The Taste Gap
Or: It's not the AI kitchen, it's the human cook.
In the future? Your taste will be what matters.
We’re approaching an era where AI can do most tasks better than most humans. Already, we can get a draft of an email written, or a blog post, or a video script in next to no time.
All we have to do is prompt. Today I want to tell you that taste is the future of human work, and I’ll explain why.
Let me tell you a little story. For a long time, I wanted to be a music producer. But at a certain point, I recognized the gap between my appreciation of this art and my ability to create it was too large: it just didn’t come as naturally to me as it did to some of my peers who were born with a piano in their hands, so to speak.
If you’ve ever watched an expert music producer or songwriter create a song—you’ll see that they quickly get to a place that is pretty good, maybe even commercially ready. But at the point where 9/10 people think a song is finished, a great producer will say something like “well it’s a good start, sill sounds pretty rough to me!! I’ll need some time to improve them.”

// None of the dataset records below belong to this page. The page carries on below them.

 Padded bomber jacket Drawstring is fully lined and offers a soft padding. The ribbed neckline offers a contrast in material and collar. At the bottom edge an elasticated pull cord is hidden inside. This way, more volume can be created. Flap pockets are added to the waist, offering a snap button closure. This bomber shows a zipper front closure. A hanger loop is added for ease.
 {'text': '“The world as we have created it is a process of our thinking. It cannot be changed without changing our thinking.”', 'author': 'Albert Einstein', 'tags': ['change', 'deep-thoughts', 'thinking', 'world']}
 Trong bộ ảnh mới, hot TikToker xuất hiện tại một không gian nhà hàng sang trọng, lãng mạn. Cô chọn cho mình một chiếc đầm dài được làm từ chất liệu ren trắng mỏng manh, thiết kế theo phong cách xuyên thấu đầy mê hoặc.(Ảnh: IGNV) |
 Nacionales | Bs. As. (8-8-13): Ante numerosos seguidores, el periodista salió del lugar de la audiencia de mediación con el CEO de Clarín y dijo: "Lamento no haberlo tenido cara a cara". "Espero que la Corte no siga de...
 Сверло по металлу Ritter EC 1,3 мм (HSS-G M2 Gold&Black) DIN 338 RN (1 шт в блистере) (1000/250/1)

And you think “what things, it already sounds great!”
But that’s just it.
They hear things we don’t, so what sounds right or good enough or wrong to you is what separates you from them. Their taste and talent create a gap.

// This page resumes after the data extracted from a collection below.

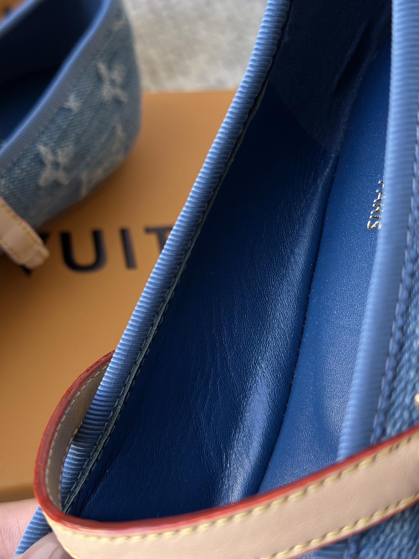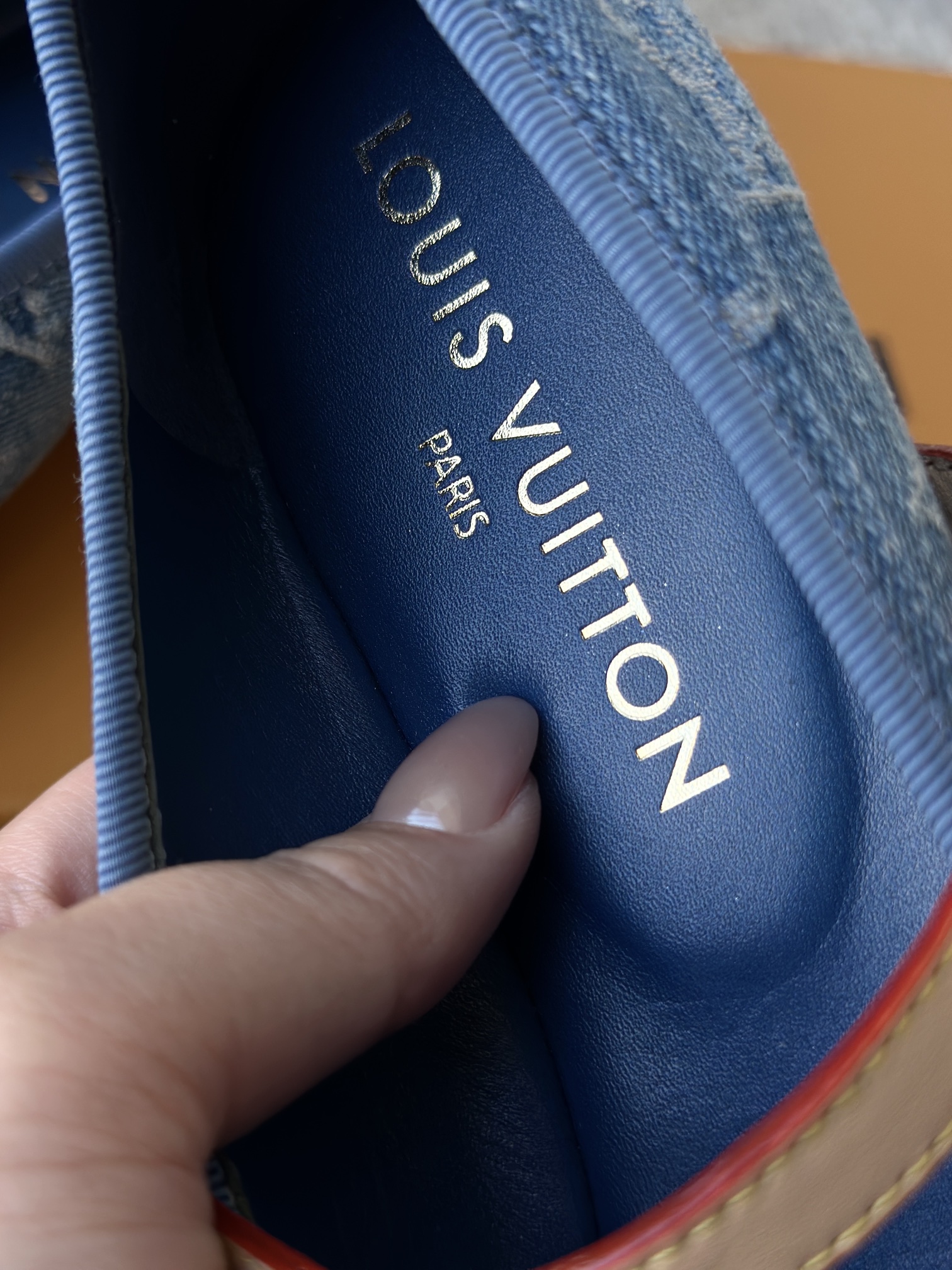 原𠂆单宁牛仔老花布鞋面 LV经典老花布非常有辨识度!隔着老远都能感受到那种低调又贵气的调调~ 配上单宁布简直是神来之笔
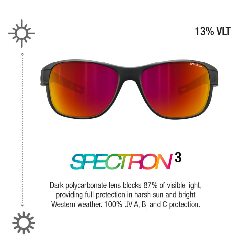 - 100% UV Protection: Julbo lenses block 100% of UV a, b, & c rays.
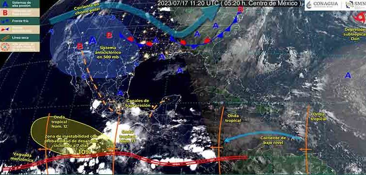 Playa del Carmen, 17 de julio del 2023 (Macropolis QR).- Un canal de baja presión en el sureste mexicano y la Península de Yucatán, en combinación con el ingreso de humedad del Golfo de México y Mar Caribe, provocarán lluvias puntuales muy fuertes en Oaxaca, Veracruz y Chiapas, lluvias puntuales fuertes en Campeche; e intervalos de chubascos en Tabasco, Yucatán y Quintana Roo.
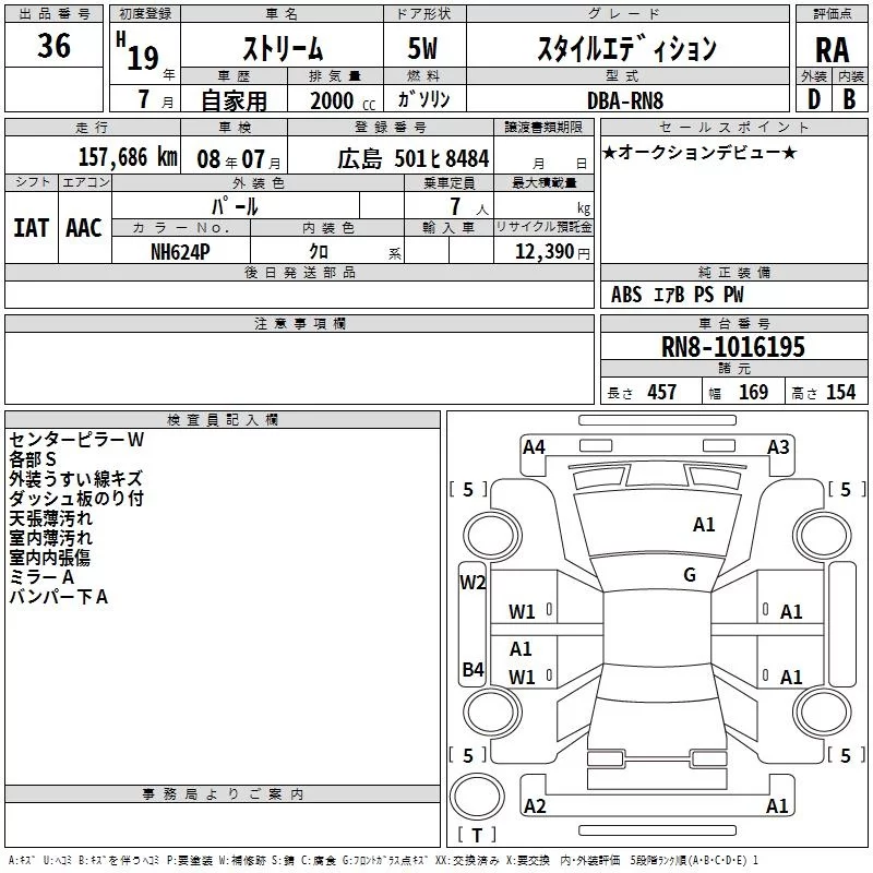 Honda STREAM с аукциона Японии TAA Hiroshima лот № 36

So in a world where anyone can ask ChatGPT to write anything, the gap won’t be the raw outputs of AI—Steve’s ChatGPT agent vs. Linda’s.
Some people will look at that output and say “that’s good enough, ship it!” And others will say “that’s a good start but needs some work.”
That difference, in all fields, is taste.
When is an app, a website, a song, a movie good enough to release? When is anything ever good enough to publish?
Those with better taste will always get more value and better results from the same tools.
Trade Shows vs. Digital Spend
I recently went to a large trade show and asked over 100 attendees: “Are trade shows worth it?”.
One of the common phrases I heard was: “This trade show will be worth it if we close even one sale.”
With modest booths costing well upwards of $40k, one sale only makes sense when dealing with big-ticket items or large volumes.
In my experience, companies take for granted that in-person trade shows are something they must do, while often being hesitant to invest a similar amount in their digital efforts.
I think it boils down to expectations: If mid-sized companies hoped for one sale from 40k of investing in their website, they’d almost certainly be pleasantly surprised by the lasting effects of improving their positioning and digital storytelling. After all, a website can keep silently selling for years.
Conversely, if they really drilled down on trade show effectiveness, they might find it not to be worth it after all.
Bill Gates said: “Most people overestimate what they can do in one year and underestimate what they can do in ten years.”
My modification would be: "Most people overestimate what trade shows will do for them over a couple days and underestimate what branding and positioning will do for them over five years.”